To create the dream-like limbo that his films exist in,* Aleksandr Sokurov relies on a method of anti-pacing. Though his movies tend to dawdle instead of sprint, his art requires a kind of momentum not unlike montage sequencing that allows each adjacent scene to complement each other rather than stand alone as tableaux vivant. This is most apparent in The Sun, his most historically and narratively grounded film released in the U.S to date. The fluidity and grace of his two earlier films, Russian Ark and Alexandra, no longer takes precedence in The Sun. Instead, Sokurov creates an account of Japanese Emperor Hirohito's inevitable surrender that only mimics a dream. Most scenes in the film are brilliant in the way they undermine the verite effect of Sokurov's conspicuously grainy digital camerawork.
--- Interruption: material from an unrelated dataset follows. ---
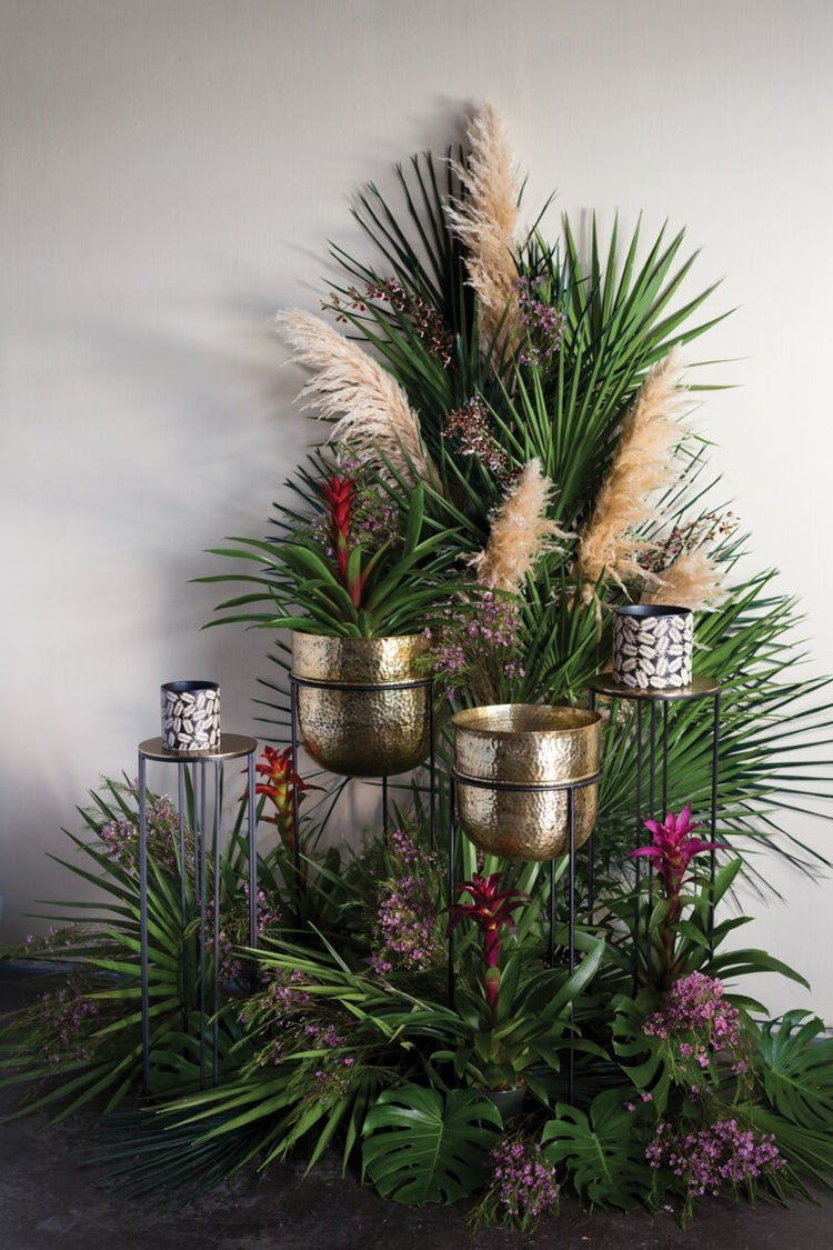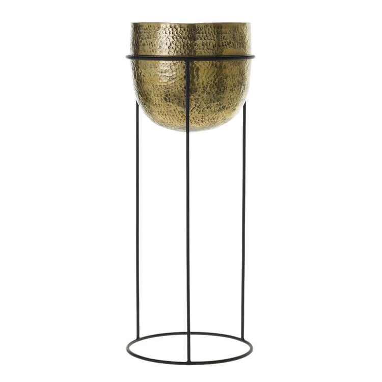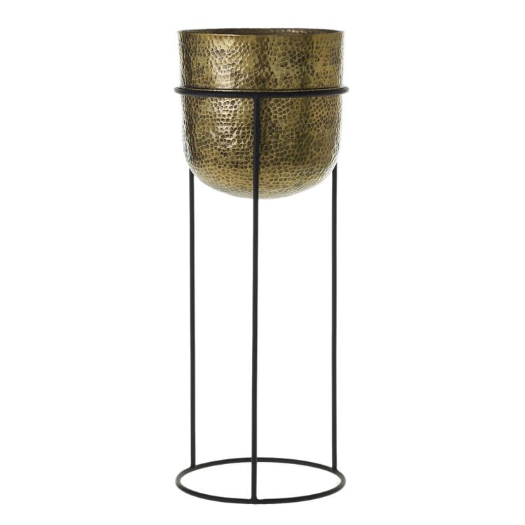 The Forum Plant Stand is a hammered metal pot with antique gold finish in a modern black stand, marrying style and function.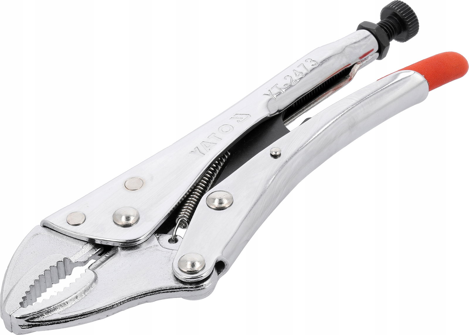 Szczypce zaciskowe Morse'a o długości 250 mm z zaokrąglonymi szczękami. Przeznaczone do prac spawalniczych, ślusarskich i montażowych. Posiadają regulację śrubową rozwarcia umożliwiające dostosowanie rozstaw szczęk w zależności od grubości chwytanego materiału.

These moments establish Hirohito (an unsettling performance by Issei Ogata) as one of Sokurov's oneiric travelers, people out of time that lack the perspective and social graces that might allow them to understand the reality they find themselves in. The handful of other scenes in the film though, the ones that reduce his actions to cheap synecdoche (his comments on the examination of a preserved frog, his circuitous address to his generals and his lingering stare at a Renaissance print all reek of simple-minded analysis), remind us that the film's pacing has in fact slowed down, leaving us to wait for the next great singular moment. You don't have to wait long but still, I've never felt as restless watching a Sokurov film as I have while watching The Sun.

*This is in reference to the three films of Sokurov's that have been released in the US: Russian Ark, Alexandra and The Sun.